First of all thanks for your contribution, and sorry that it took so
long. But better late than never, right? :)

On Mon, 2011-02-07 at 17:35 +0100, Balint Kovacs wrote:
> Hi,
> 
> with some time at my hands over the weekend I was finally able finish 
> support for multiple delimiters in 'pdbtool patternize'.
> 
> Rationale:
> 
> The current implementation of patternize only splits up log messages at 
> spaces, which is inaccurate - while working with patterns, I found that 
> most of the volatile content in messages is enclosed in or followed by 
> some kind of separator character(s). So the best way of handling this 
> would be to make the user be able to define the delimiters and provide a 
> sane default.
> 
> Implementation:
> 
> The delimiter list is extracted from each message separately after 
> tokenization (this way it delimiters do not affect frequent word 
> collection) and then added to the end of the cluster key in the SLCT 
> phase to ensure unicity. When printing the pattern, the delimiter list 
> is popped from the cluster key and as it is in the same order as the 
> extracted words, we print delimiter with the same index as the word's 
> within the for loop.
> The user input needs to be sanitized, we have to make sure that the 
> space char is always in the delimiter list and that there are no 
> duplicates. I have also changed the the parser marker char from * to 
> 0x1A ("substitute" char) to prevent parser "false positives" in case a 
> words starts with *. I also added the class and provider properties to 
> each rule to make the generated xml xsd-compliant.

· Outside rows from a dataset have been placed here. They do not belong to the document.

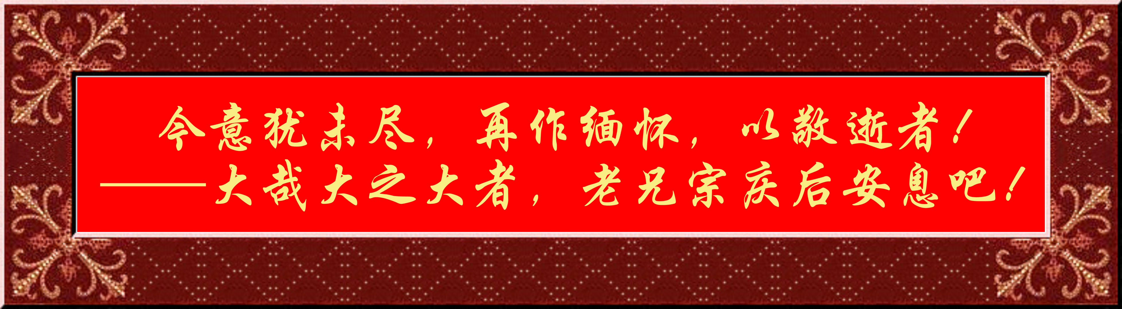 昨發(fā)《感悟一代民營企業(yè)和民營企業(yè)家的宗師——深切緬懷宗慶后同志光輝的一生》于娃哈哈集團(tuán)郵箱,今意猶未盡,再作緬懷,以敬逝者!——大哉大之大者也,老兄宗慶后安息吧!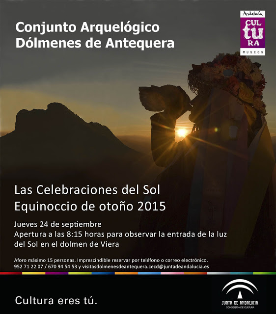 En unos días Antequera tiene una nueva cita con el Sol. El día 24 de septiembre el Conjunto Arqueológico Dólmenes de Antequera abre sus puertas, excepcionalmente a las 08:15 horas, para poder presenciar los fenómenos lumínicos que se producen con motivo del equinoccio de otoño en el dolmen de Viera.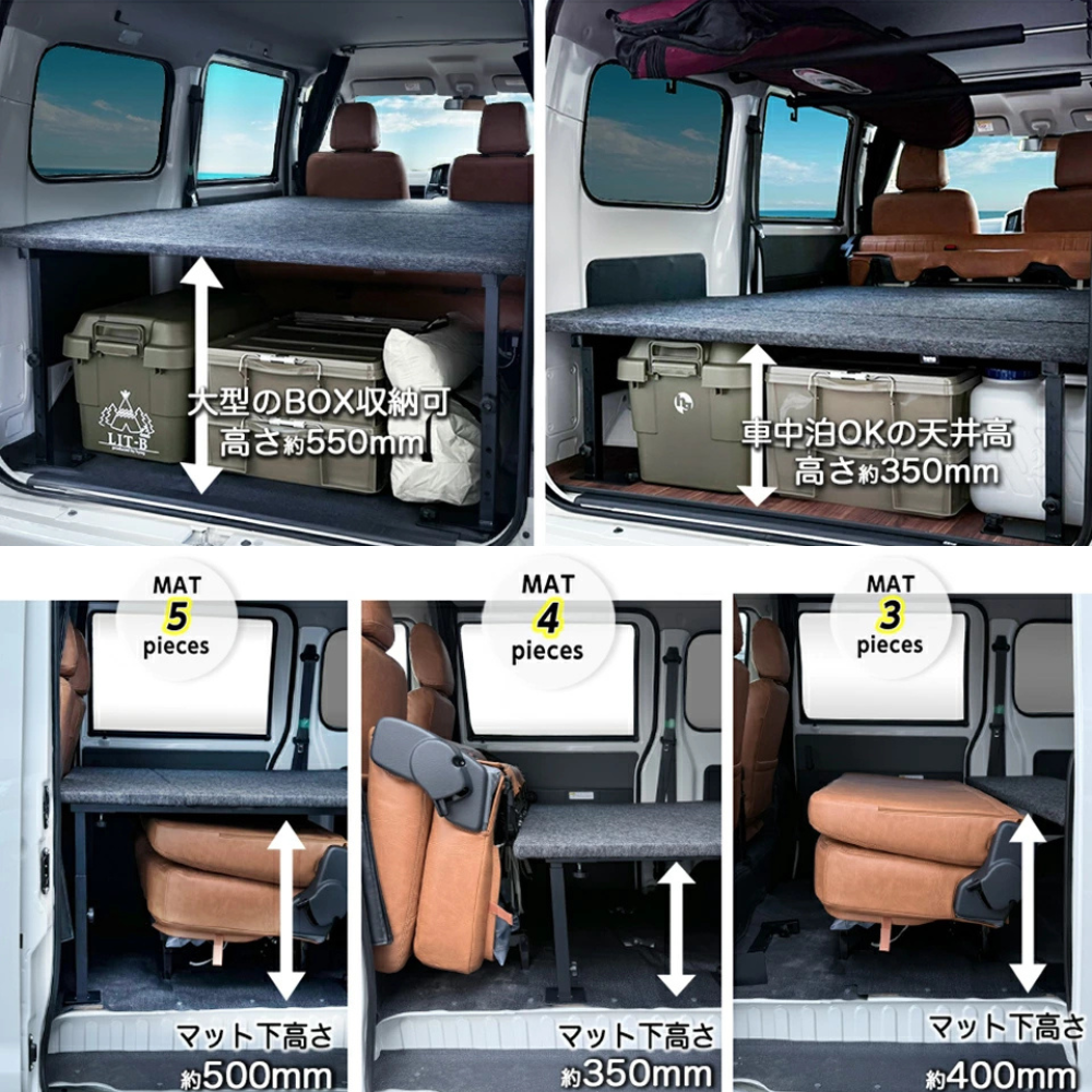 タフ仕様 全長2065mm 高さ5段階 (ブラックレザータイプ) ベッドキット タウンエース バン S403 / S413 R2/9- Field Strike GL / DX
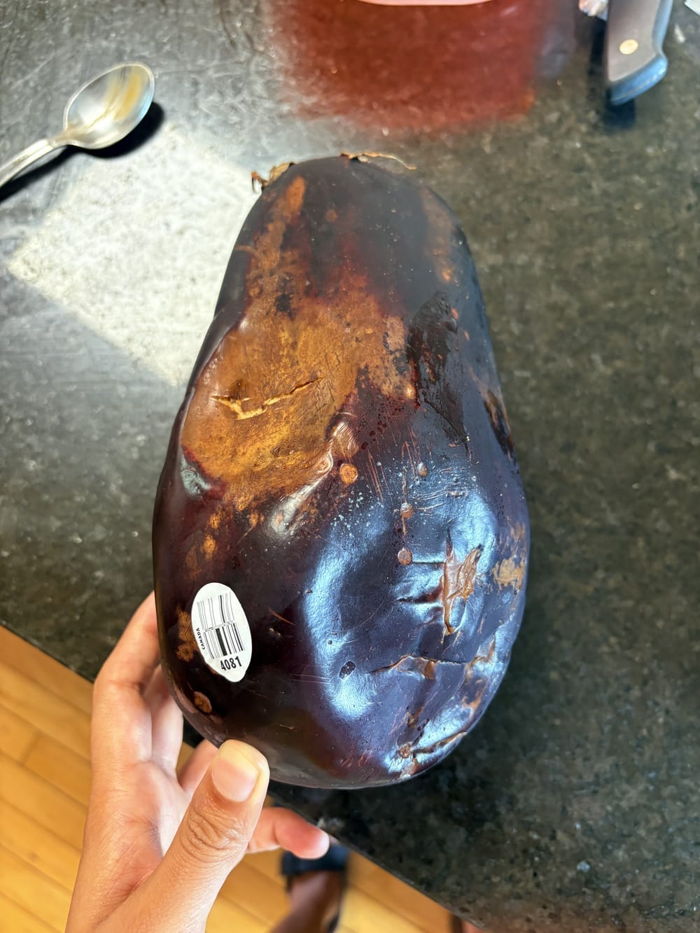 For dinner, I planned to grill the two eggplants with some seasoning and call it a night. But by the time I started cooking, one of them had already gone bad. I roasted the one that was still hanging on, added half an onion, and blended it into a dip to eat with rice. Surprisingly and luckily, it turned out good! A silver lining in a week of wrinkly tomatoes and expired chicken.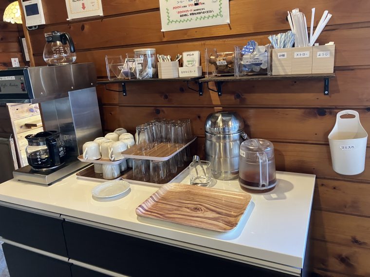 店内にあるドリンクコーナーから、セルフで飲み物を1杯選べます(^^)。↑
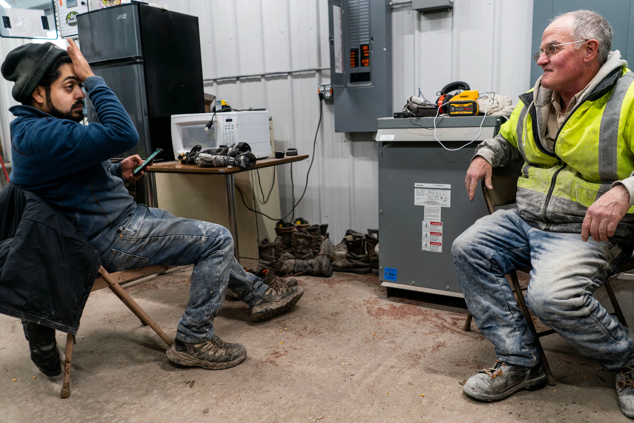 잭과 그의 동료 루이스 트루히요-크루즈는 옥수수 재고를 평가하기 위해 사일로에 올라갈 계획에 대해 이야기합니다.

The default delimiter 
> list is :&~?![]=,;()'"
> 
> And the results:
> 
> Running time and memory consumption have almost doubled(!), as far as I 
> could test, this comes from the fact, that we have way many more tokens 
> than with splitting at spaces, so with the current structure we can't 
> really do much about that. BUT accuracy has increased quite a lot, I 
> think there is a visible difference.
> 
> For the log message:
> 
> core.session(3): (svc/intra_HTTP:1486416/http): Server connection 
> established; server_fd='46', server_address='AF_INET(1.2.3.4:80)', 
> server_zone='Zone(internet, 0.0.0.0/0)', 
> server_local='AF_INET(1.2.3.4:52007)', server_protocol='TCP'
> 
> With the tokenizing at spaces:
> 
> core.session(3): @ESTRING:: @Server connection established; @ESTRING:: 
> @@ESTRING:: @server_zone='Zone(internet, 0.0.0.0/0)', @ESTRING:: 
> @server_protocol='TCP'
> 
> And with the new default delimiters:
> 
> core.session(3): (svc/intra_HTTP:@ESTRING::)@: Server connection 
> established; server_fd='@ESTRING::'@, 
> server_address='AF_INET(@ESTRING:::@80)', server_zone='Zone(internet, 
> 0.0.0.0/0)', server_local='AF_INET(1.2.3.4:@ESTRING::)@', 
> server_protocol='TCP'
> 
> (please note that the log sample used for generating these patterns was 
> grepped on intra_HTTP, that's why the zorp service name and server port 
> 80 are found as a frequent words and not ESTRING'd)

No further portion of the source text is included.